From a64a921fd1234f69bcccbb0f1449331981530681 Mon Sep 17 00:00:00 2001
From: "brandon s. tober" <tobers.brandon@gmail.com>
Date: Tue, 9 Sep 2025 10:19:55 -0400
Subject: [PATCH 2/2] Applied ruff formating/linting

---
 pygem/bin/run/run_simulation.py |  2 +-
 pygem/utils/stats.py            | 37 ++++++++++++++++++---------------
 2 files changed, 21 insertions(+), 18 deletions(-)

diff --git a/pygem/bin/run/run_simulation.py b/pygem/bin/run/run_simulation.py
index 40e07c43..3066befe 100755
--- a/pygem/bin/run/run_simulation.py
+++ b/pygem/bin/run/run_simulation.py
@@ -606,7 +606,7 @@ def run(list_packed_vars):
         rgiid = main_glac_rgi.loc[main_glac_rgi.index.values[glac], 'RGIId']
 
         try:
-        # for batman in [0]:
+            # for batman in [0]:
 
             # ===== Load glacier data: area (km2), ice thickness (m), width (km) =====
             if (
diff --git a/pygem/utils/stats.py b/pygem/utils/stats.py
index bb4cecfe..a09b15a2 100644
--- a/pygem/utils/stats.py
+++ b/pygem/utils/stats.py
@@ -8,8 +8,9 @@
 Model statistics module
 """
 
-import numpy as np
 import arviz as az
+import numpy as np
+
 
 def effective_n(x):
     """
@@ -33,11 +34,11 @@ def effective_n(x):
         # detrend trace using mean to be consistent with statistics
         # definition of autocorrelation
         x = np.asarray(x)
-        x = (x - x.mean())
+        x = x - x.mean()
         # compute autocorrelation (note: only need second half since
         # they are symmetric)
         rho = np.correlate(x, x, mode='full')

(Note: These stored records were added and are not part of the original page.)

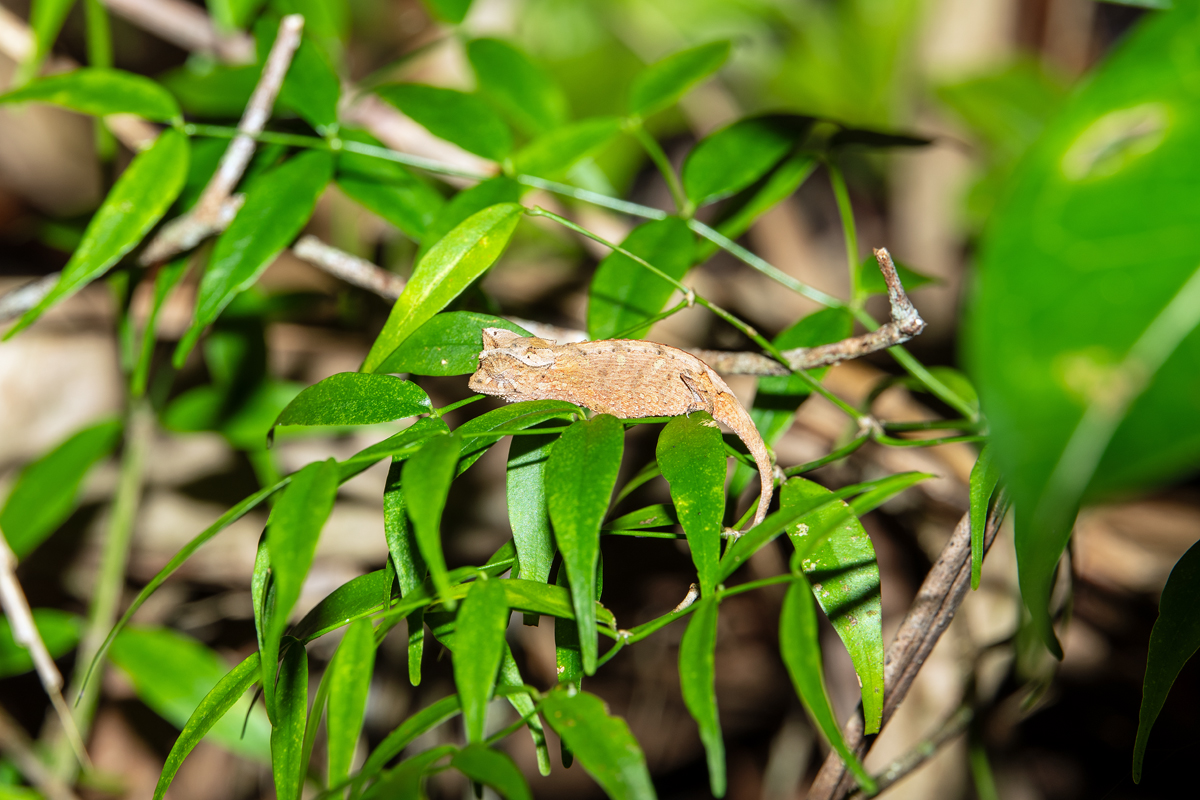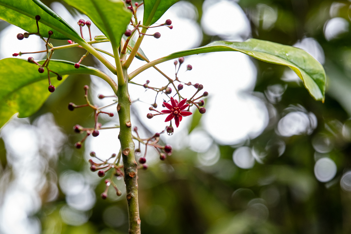 Der heimliche Star des Parks ist Takhtajania perrieri, eine strauchartige Pflanze mit wunderschönen roten sternenförmigen Blüten. Sie wird auch als Dinosaurier-Pflanze bezeichnet, weil diese Art bereits seit 120 Millionen Jahren auf der Erde wächst. Es war eine der ersten, die Blüten ausbildete, und ihre Zellen können noch kein Wasser speichern, weshalb sie nur in stabil feuchter Umgebung über 1.000 m Höhe gedeiht. Wir fanden ein Exemplar zusammen mit Yockno, dem Präsidenten der Guide-Vereinigung von Marojejy, der Takhtajania perrieri anhand des bitteren Geschmacks der Blätter identifizieren konnte. Die Guides wissen von einer weiteren Stelle mit Takhtajania im nahe gelegenen Anjanaharibe-Sud Spezialreservat, eine dritte im Marojejy Nationalpark ist zwischen 2021 und 2022 verschwunden. Wenn es aufgrund des Klimawandels trockener wird, wird Takhtajania in ein paar Jahren ganz verschwunden sein. Und das ist erst der Anfang.
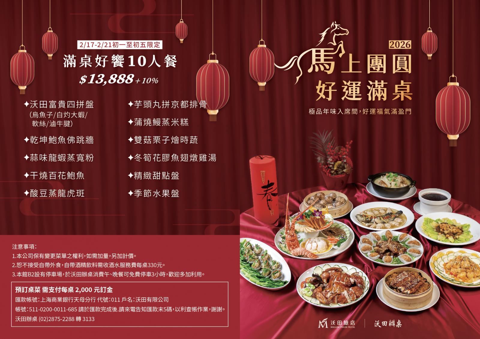 除夕圍爐、春節團圓,首推沃田辦桌!
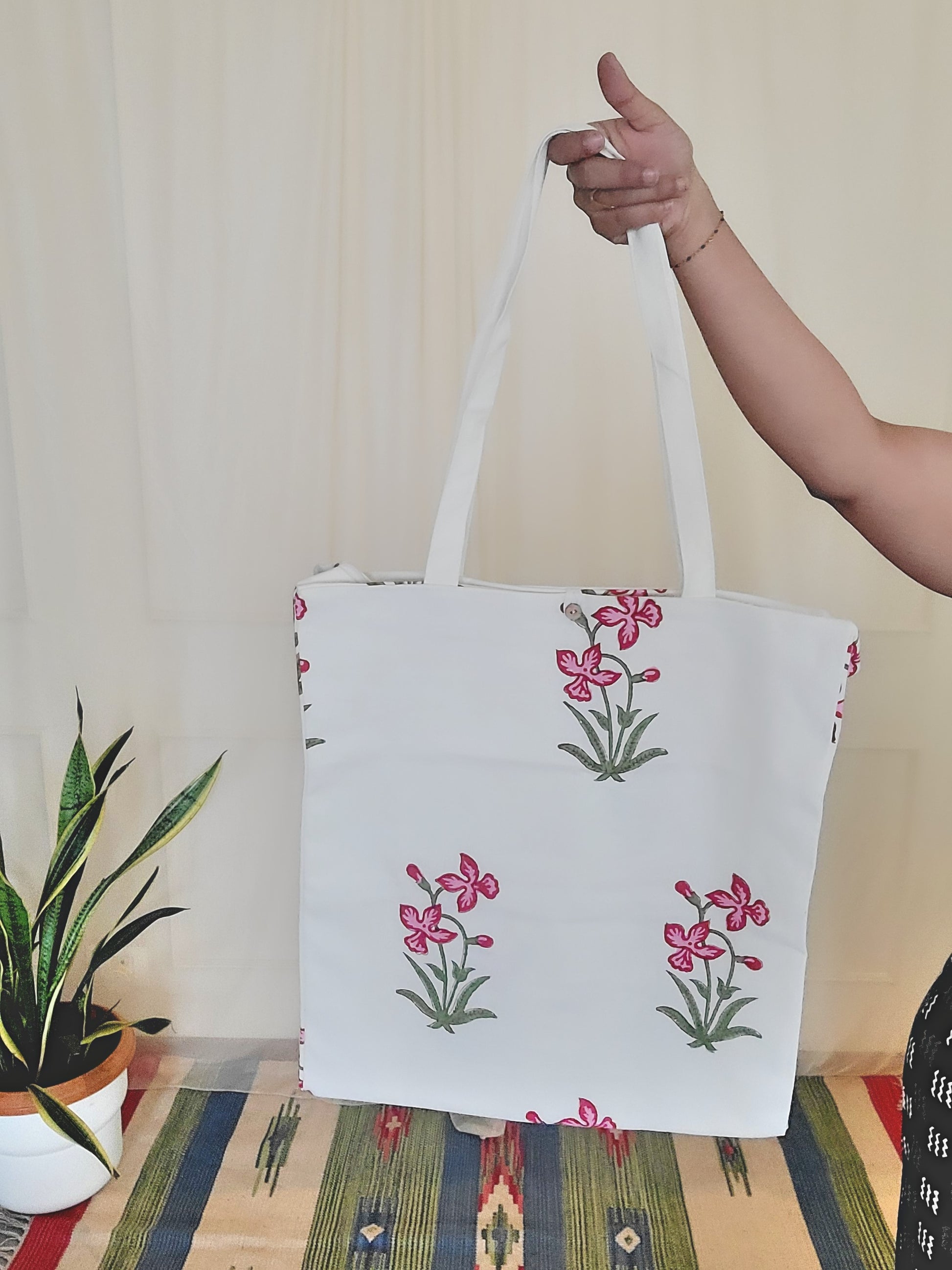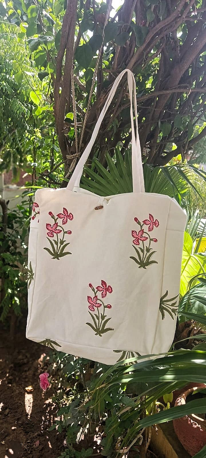 Beautiful College/ work bag made with canvas fabric and intricate and colourful Block prints

-        rho = rho[len(rho)//2:]
+        rho = rho[len(rho) // 2 :]
         # normalize the autocorrelation values
         #  note: rho[0] is the variance * n_samples, so this is consistent
         #  with the statistics definition of autocorrelation on wikipedia
@@ -51,15 +52,17 @@ def effective_n(x):
         n = len(x)
         while not negative_autocorr and (t < n):
             if not t % 2:
-                negative_autocorr = sum(rho_norm[t-1:t+1]) < 0
+                negative_autocorr = sum(rho_norm[t - 1 : t + 1]) < 0
             t += 1
-        return int(n / (1 + 2*rho_norm[1:t].sum()))
+        return int(n / (1 + 2 * rho_norm[1:t].sum()))
     except:
         return None
-    
 
-def mcmc_stats(chains_dict, 
-               params=['tbias','kp','ddfsnow','ddfice','rhoabl', 'rhoacc','mb_mwea']):
+
+def mcmc_stats(
+    chains_dict,
+    params=['tbias', 'kp', 'ddfsnow', 'ddfice', 'rhoabl', 'rhoacc', 'mb_mwea'],
+):
     """
     Compute per-chain and overall summary stats for MCMC samples.
 
@@ -118,19 +121,19 @@ def mcmc_stats(chains_dict,
             idata = az.from_dict(posterior={param: samples})
             # calculate the Gelman-Rubin statistic (rhat)
             r_hat = float(az.rhat(idata).to_array().values[0])
-        else :
+        else:
             r_hat = None
 
         summary_stats[param] = {
-            "mean": means,
-            "std": stds,
-            "median": medians,
-            "q25": q25,
-            "q75": q75,
-            "ess": ess,
-            "r_hat": r_hat
+            'mean': means,
+            'std': stds,
+            'median': medians,
+            'q25': q25,
+            'q75': q75,
+            'ess': ess,
+            'r_hat': r_hat,
         }
 
     chains_dict['_summary_stats_'] = summary_stats
 
-    return chains_dict
\ No newline at end of file
+    return chains_dict